For the remainder, it would seem that scale is less important than the quality of representation that I traditionally associate with smaller ‘local heroes’.
This emphasis on scale could be considered logical – the investment required by premium franchises is substantial.
Through Jaguar Land Rover’s ongoing network restructure we have seen a number of their smaller franchisees face the dilemma of whether to borrow many millions of pounds to fund the new ‘Arch’-style showrooms or to sell up to a larger group. Many have chosen the latter.
As I have pointed out in just about every AM100 commentary since records began, scale is no guarantee of profitability.
It is true that a large group making a modest return generates a sizeable quantity of cash every year. Just take a look at the table showing profit before tax (PBT) on Page 12. However, that cash is neither a guarantee of resilience (although it helps), nor that investment in facilities will always be the top priority.
Perhaps more significantly, scale is not a guarantee of superior customer service.
Selecting larger groups to represent your franchise is a challenging balancing act. Financial resilience and ability to invest must be weighed against risk to the brand of less of the personal commitment to brand values that comes with smaller groups that have fewer competing priorities.
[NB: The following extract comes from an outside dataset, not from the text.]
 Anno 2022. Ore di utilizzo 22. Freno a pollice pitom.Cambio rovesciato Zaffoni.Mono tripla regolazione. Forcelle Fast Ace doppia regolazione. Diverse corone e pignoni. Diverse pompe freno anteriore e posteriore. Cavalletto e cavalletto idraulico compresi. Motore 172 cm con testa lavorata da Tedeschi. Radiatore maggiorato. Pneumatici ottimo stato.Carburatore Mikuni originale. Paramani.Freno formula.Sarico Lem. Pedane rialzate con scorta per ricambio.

This apparent shift in strategy, both on the part of the prestige carmakers and those groups who have made a deliberate move to represent prestige more and volume less, has not had a uniformly beneficial outcome on profitability.
The top 20 by return on sales (RoS%) contains only two of the top 20 groups by turnover.
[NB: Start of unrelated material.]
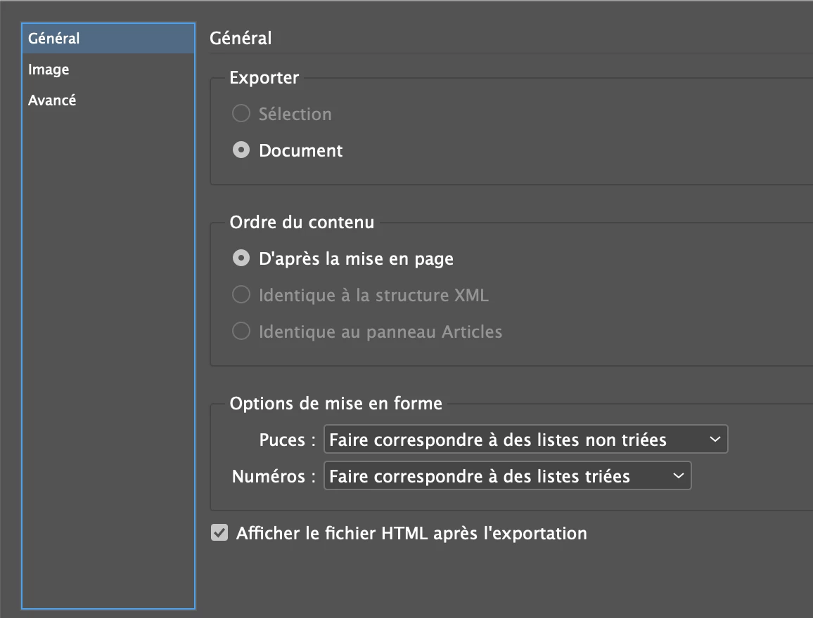 How do I correct this ? I also notices that I don't have an HTML folder after the export (only a CSS and Images folder...)

Arnold Clark’s success has been consistent over the long term and reflects not the franchises it represents, but its way of doing business, in that it dominates its heartland and is operating its own businesses in all divisions from franchised sites and rental and leasing through to used car supermarkets and motor finance.
Sytner, holding a largely prestige portfolio, has done so since inception (original owners Frank and Alan Sytner took BMW as their first franchise in 1970) and consistent RoS may also be more attributable to its operating style than perhaps its franchise mix. It invests in good businesses, engaged people, systems and facilities.
The rest of the RoS top 20 are a mix. There are some groups largely or wholly prestige. But then there are groups largely or wholly non-prestige. In fact the balance is about 50-50.
It isn’t about geography either – there are groups from the North, the South, the extreme South-West, from Wales, from East Anglia.
If you examine the previous year’s RoS table, the same names are present, so my overwhelming conclusion is that it is how you do it, not where or with what.
There is a new leader of the RoS% top 20 table. Hatfields, with 3.8%, displaces the long-time leader, CEM Day. CEM Day also makes 3.8%,
but came second on count back. However, it made 4.4% last time and its history of success is evident down the years in the table.
Only four groups exceed 3% this time, versus eight last time. All of the top 20 exceeded 2% last year, but only 18 did this time.
It would seem that 2016 has been a tougher year and, anecdotally, the pressure to make volume and margin has continued into 2017.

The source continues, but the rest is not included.